Data to process
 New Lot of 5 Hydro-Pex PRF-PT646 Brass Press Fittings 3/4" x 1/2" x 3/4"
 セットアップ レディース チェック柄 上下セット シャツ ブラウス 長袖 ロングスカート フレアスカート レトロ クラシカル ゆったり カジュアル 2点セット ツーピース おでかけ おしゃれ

---

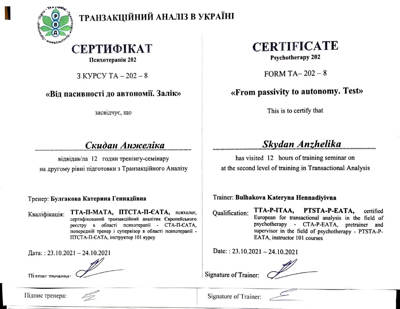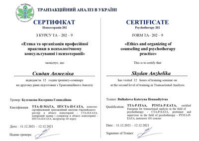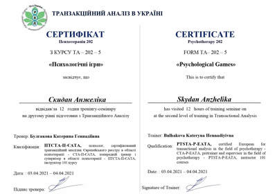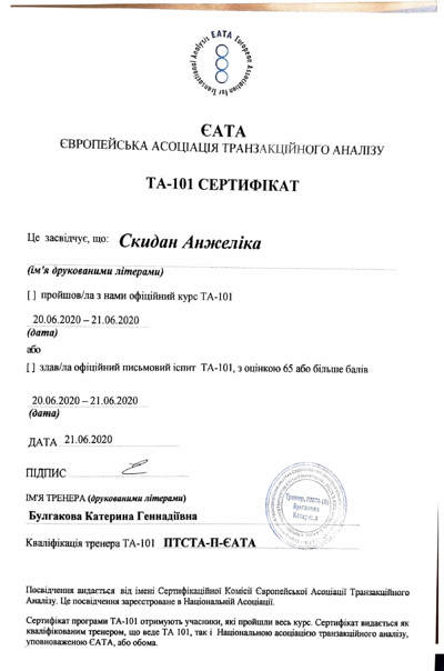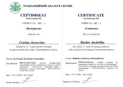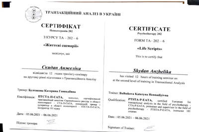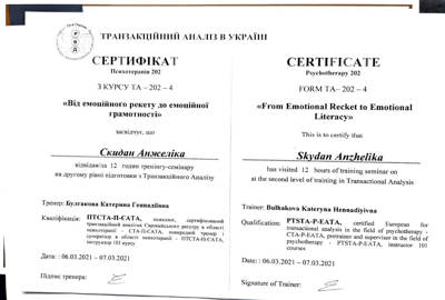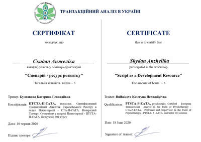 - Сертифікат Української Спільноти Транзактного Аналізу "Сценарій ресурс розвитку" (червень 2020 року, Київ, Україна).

...

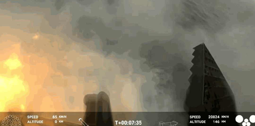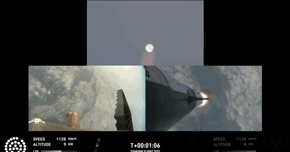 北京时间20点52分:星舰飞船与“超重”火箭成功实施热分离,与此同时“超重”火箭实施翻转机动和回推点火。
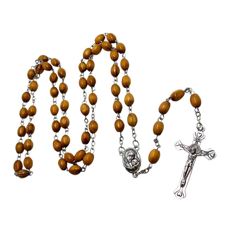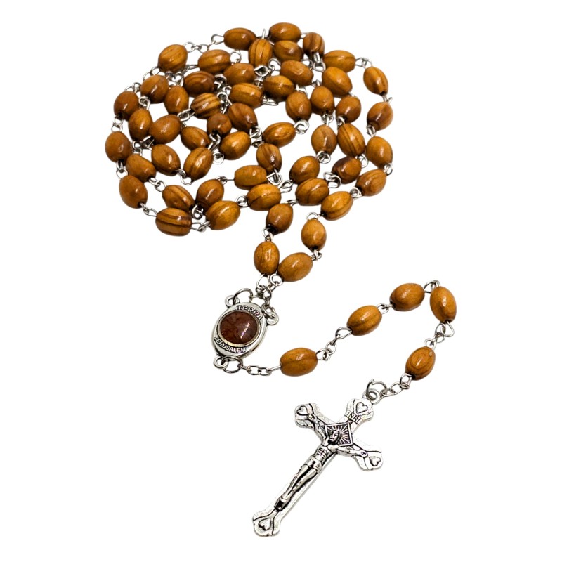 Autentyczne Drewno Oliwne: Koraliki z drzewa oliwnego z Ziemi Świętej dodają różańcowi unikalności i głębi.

Description of the task
Please give an exact copy of the entries above, from the line with "New Lot of 5" down to the line with "セットアップ レディース チェック柄", inclusive, and nothing else.

Result of this task
 New Lot of 5 Hydro-Pex PRF-PT646 Brass Press Fittings 3/4" x 1/2" x 3/4"
 セットアップ レディース チェック柄 上下セット シャツ ブラウス 長袖 ロングスカート フレアスカート レトロ クラシカル ゆったり カジュアル 2点セット ツーピース おでかけ おしゃれ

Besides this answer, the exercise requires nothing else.